REVIEWED - SLITHER: A GRADUATE of the Troma school of no-budget tackiness, where he wrote and produced Tromeo and Juliet, James Gunn moved into the mainstream as a screenwriter on the two Scooby Doo movies and the recent remake of Dawn of the Dead. Turning director with Slither, Gunn eagerly parades his influences in a B-movie tribute that even has a character watching a Troma picture on TV.
It's surprising that any of the characters has ever seen a horror movie, given that they so frequently stumble into peril. When a sexually frustrated character named Grant Grant (Michael Rooker) meets a woman in a bar, they naturally go for a late night walk in the woods, blithely not noticing that a meteorite just landed there.

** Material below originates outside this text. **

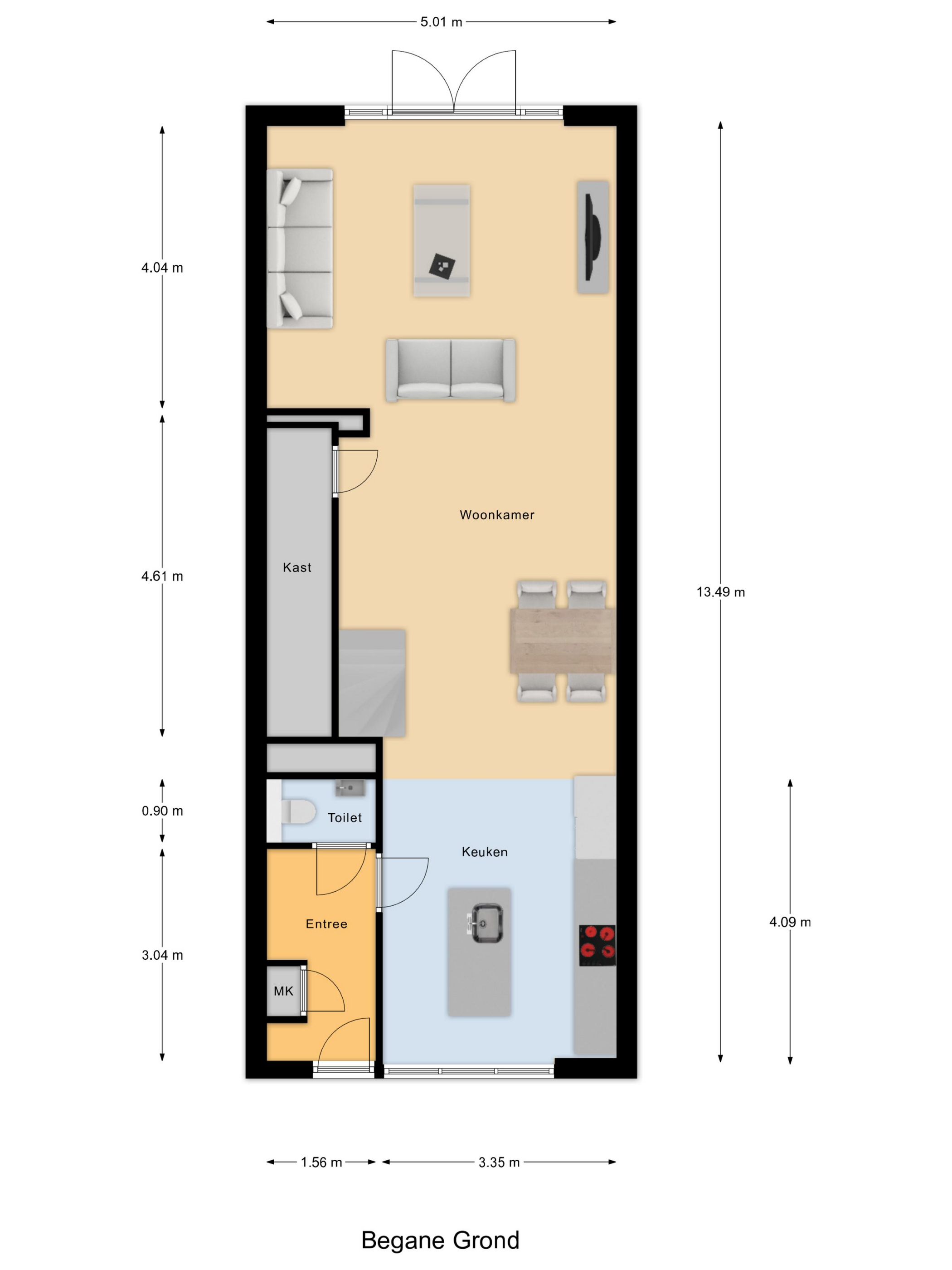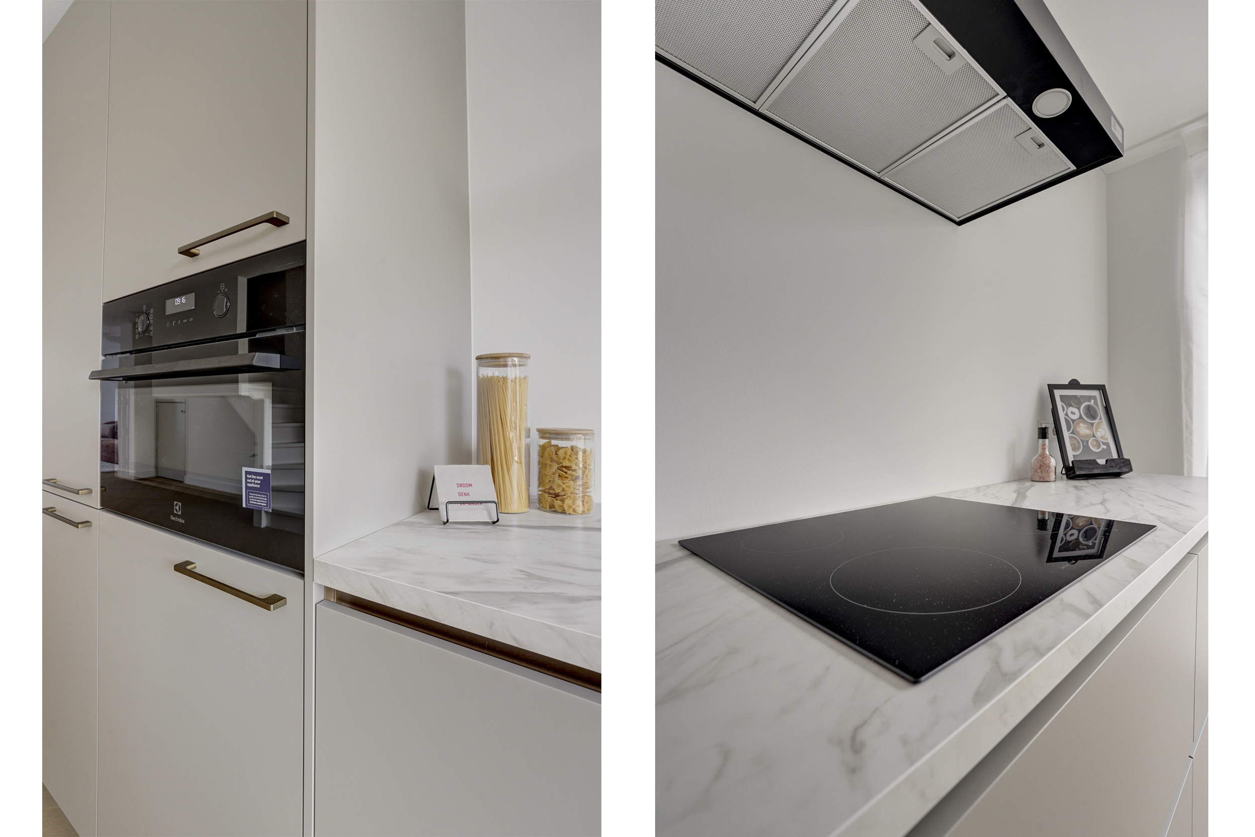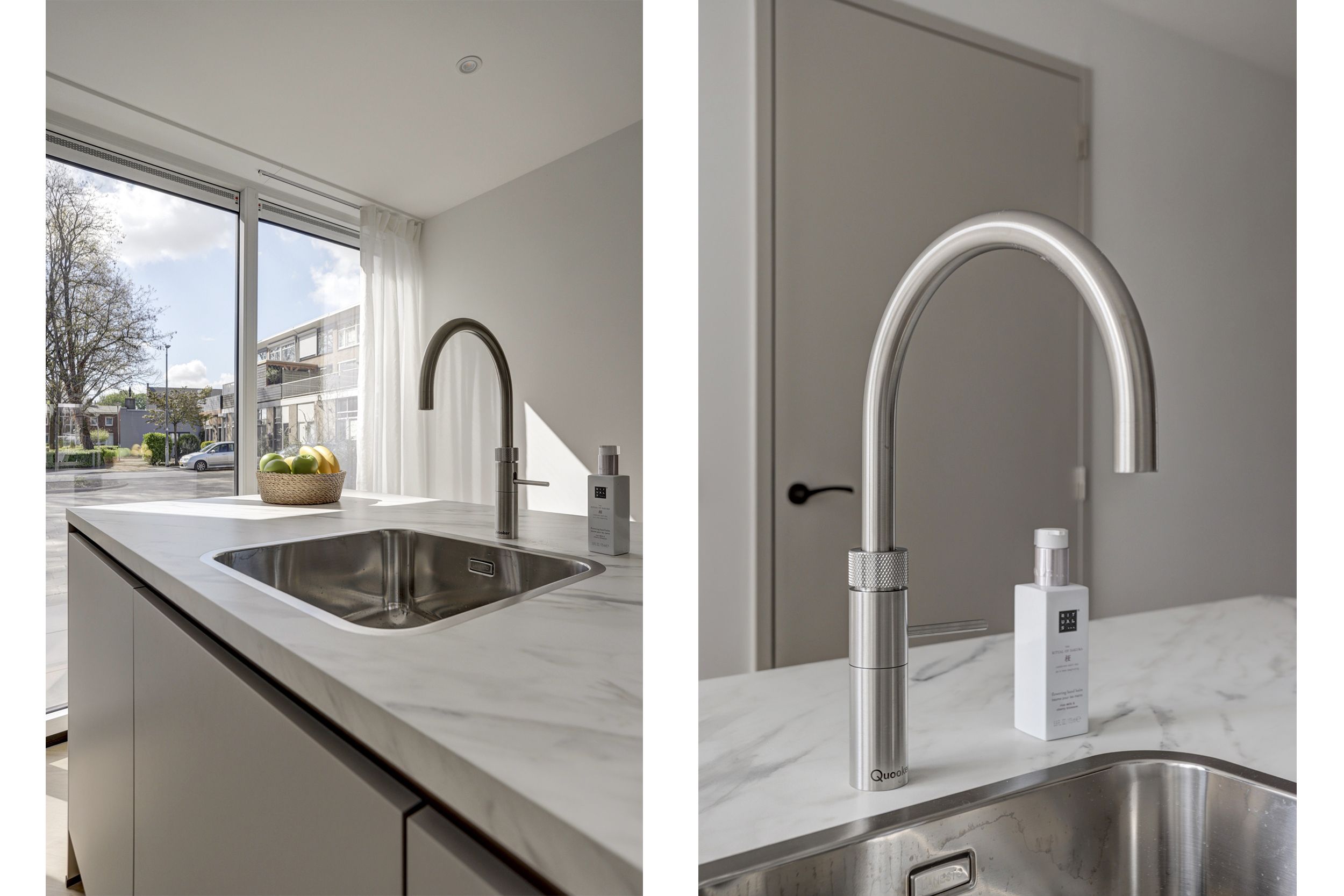 * Vanuit de hal toegang tot de open keuken aan de voorzijde. D keuken is luxe uitgevoerd met een ingebouwde vaatwasser, koel/vriescombinatie, combi oven/magnetron, inductie kookplaat, afzuigkap en een Quooker;

Grant makes for easy prey as the first victim of the hideous, extra-terrestrial creatures that invade his body. In what could be read as an allegorical spin-off from Super Size Me, he develops a truly voracious appetite for red meat, served raw. When his wife (Elizabeth Banks) recoils from his new, horribly disfigured look, he insists that it's only a bee sting.

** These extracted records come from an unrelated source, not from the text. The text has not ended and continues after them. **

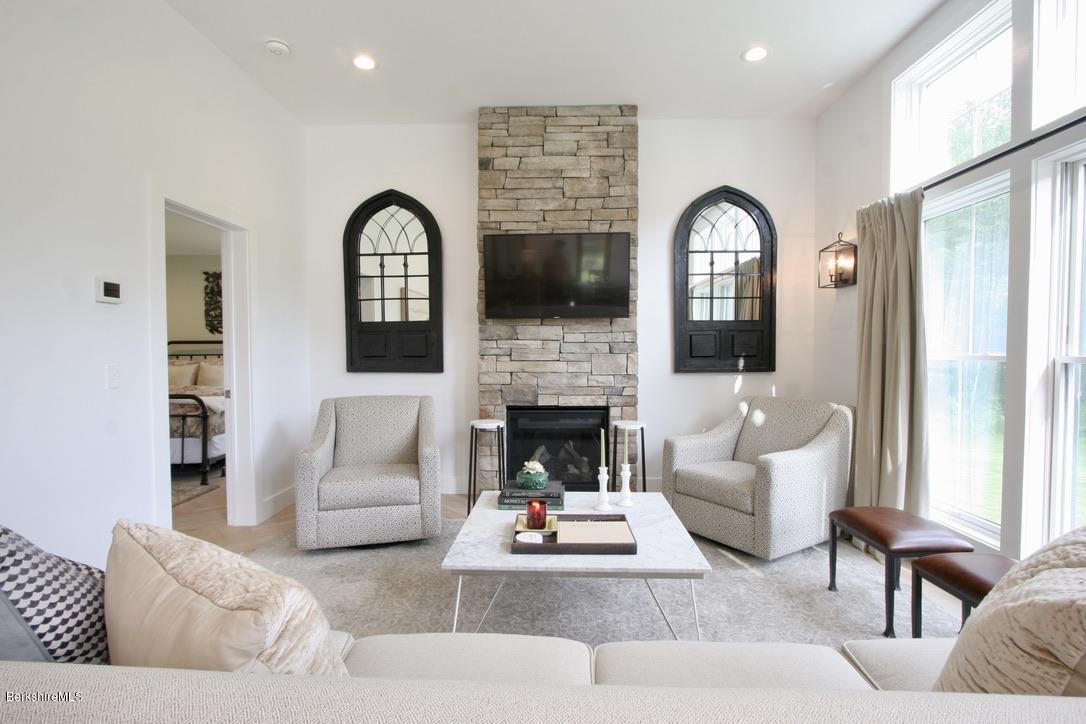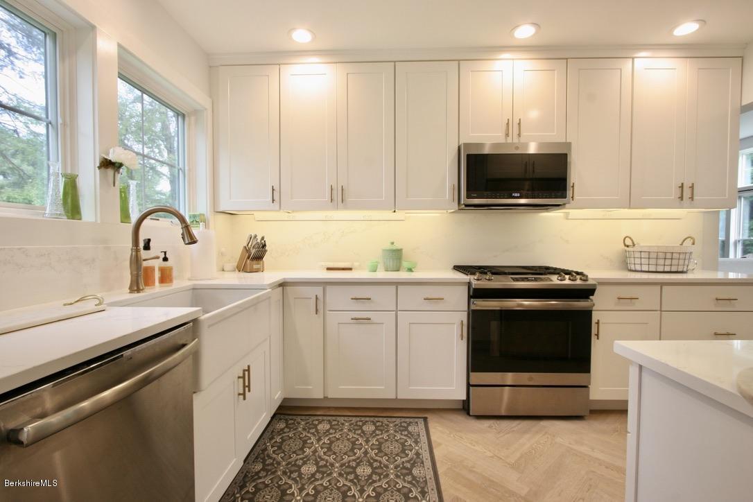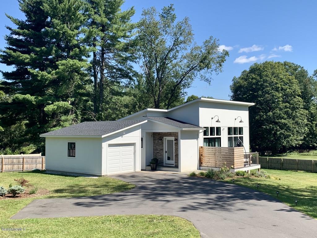 Built in 2018, this Stockbridge Contemporary has three bedrooms and four bathrooms in 2,232 square feet. There is a gas fireplace in the living room and laundry room off the kitchen. The property features a walkout to a hot tub and large lawn with a firepit. It is just minutes into downtown Stockbridge. Listed at $795,000 by Berkshire Property Agents.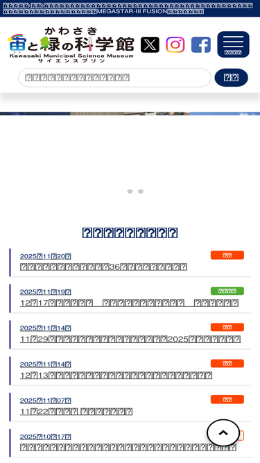 65%「かわさき宙(そら)と緑の科学館」は、生田緑地のなかにある自然系の博物館です。「自然体験」「天文体験」「科学体験」の3つの感動体験をテーマにしています。世界最高水準の星空を映し出すプラネタリウム「メガスターⅲフュージョン」、「川崎の自然」や「天文」をテーマにした常設展示、様々な世代に向けての科学実験や自然体験教室、屋上アストロテラスでの天体観察などを楽しめます。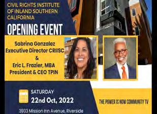 Join Eric L. Frazier, MBA, on The Power Is Now Community TV as he interviews the new Executive Director of the Civil Rights Institute of Inland Southern California (CRIISC), Sabrina Gonzalez. They discuss her new role and the opening of CRIISC at Missions Heritage Plaza.
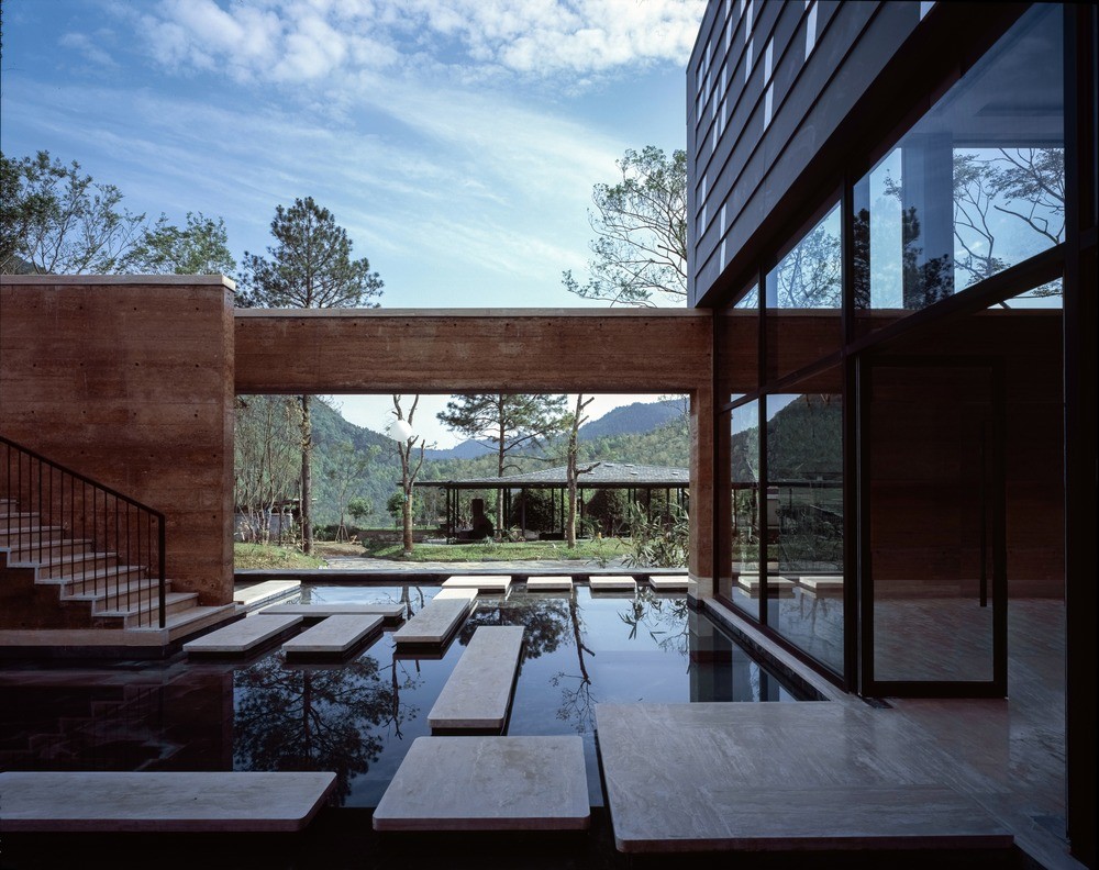 The main passage is a long transparent space, 100 meters, around it are rammed-earth walls, 4 meters high, grow from earth. Experiences vary when visitors walk through different areas, visitors will be attracted by the outstretched eaves after the woods area. The sound from the creeks will relax visitors a bit, and what lies ahead lead visitors further into the cryptic but joyful world.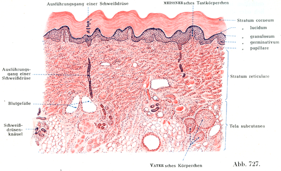 外皮äußere Hautは平たく広がって全身を被うところの器官であり,これを貫いて数多くの器官が外へでている.皮膚を貫く器官には2群があって,それは角質器と腺とである.外皮じしんおよび外皮に特有な諸器官はすべて次の2つの構成部分からできている.1つは外胚葉に由来する上皮性の部分すなわち表皮Epidermisで,もう1つは結合組織性の部分すなわち真皮Coriumである.真皮の下には皮下組織Tela subcutaneaがある.

The setting is Wheelsy, South Carolina, where the start of the deer hunting season is top of the social calendar, and it's only a matter of time before even the most homely residents are infiltrated by the slimy wrigglers and turned into flesh-hungry zombies.

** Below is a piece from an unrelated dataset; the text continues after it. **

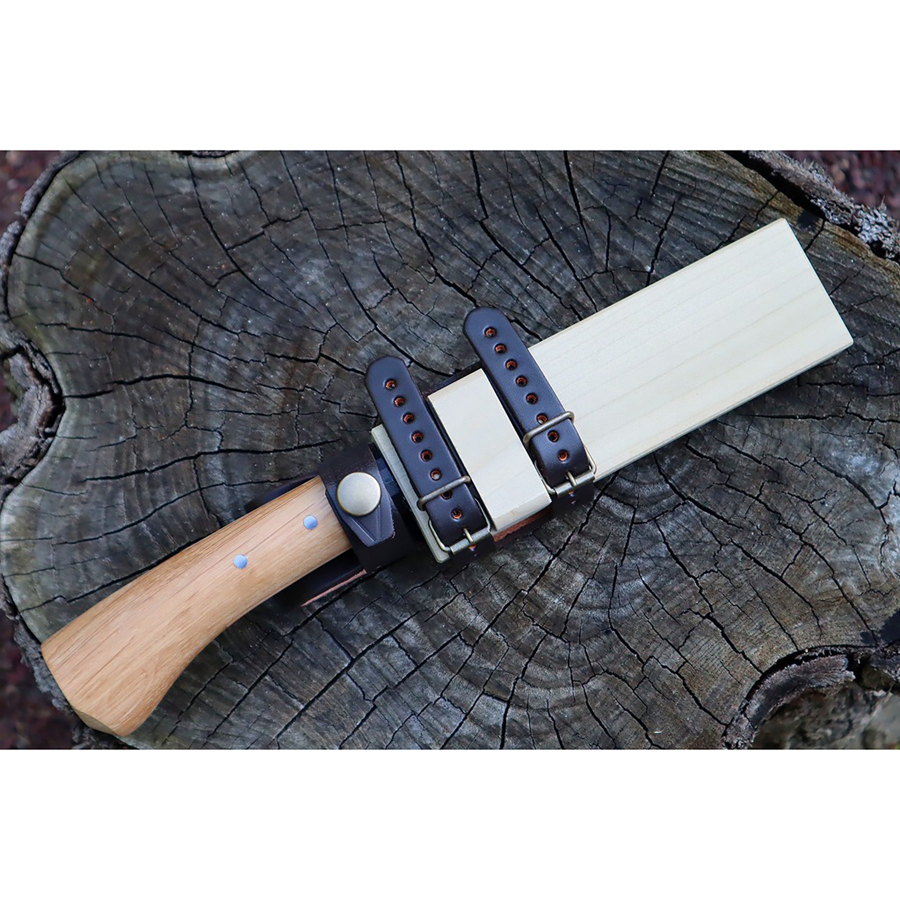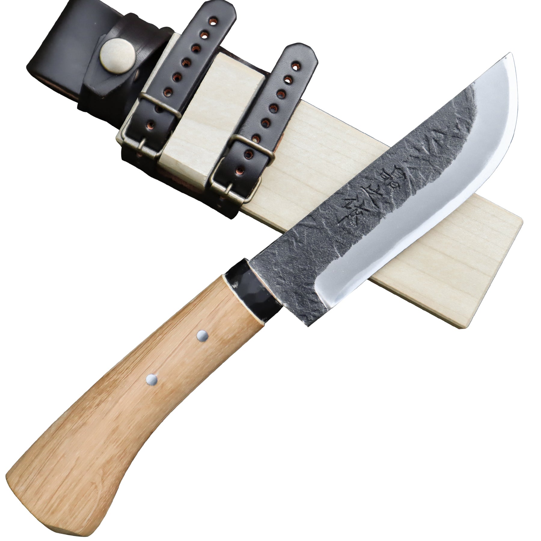 キャンプ剣鉈 180 白鋼 黒槌目 黒丸輪 樫柄 木鞘革バンド 晶之作 |

Gunn employs grotesque special effects to jolt the viewer and, in moments of desperation, resorts to loud, abrupt bursts of soundtrack music. This inane movie, which treads a thin line between homage and deja vu, is sprinkled with deadpan humour, most amusingly delivered by a laidback police officer (played by Nathan Fillion from Serenity) and a foul-mouthed mayor (Gregg Henry).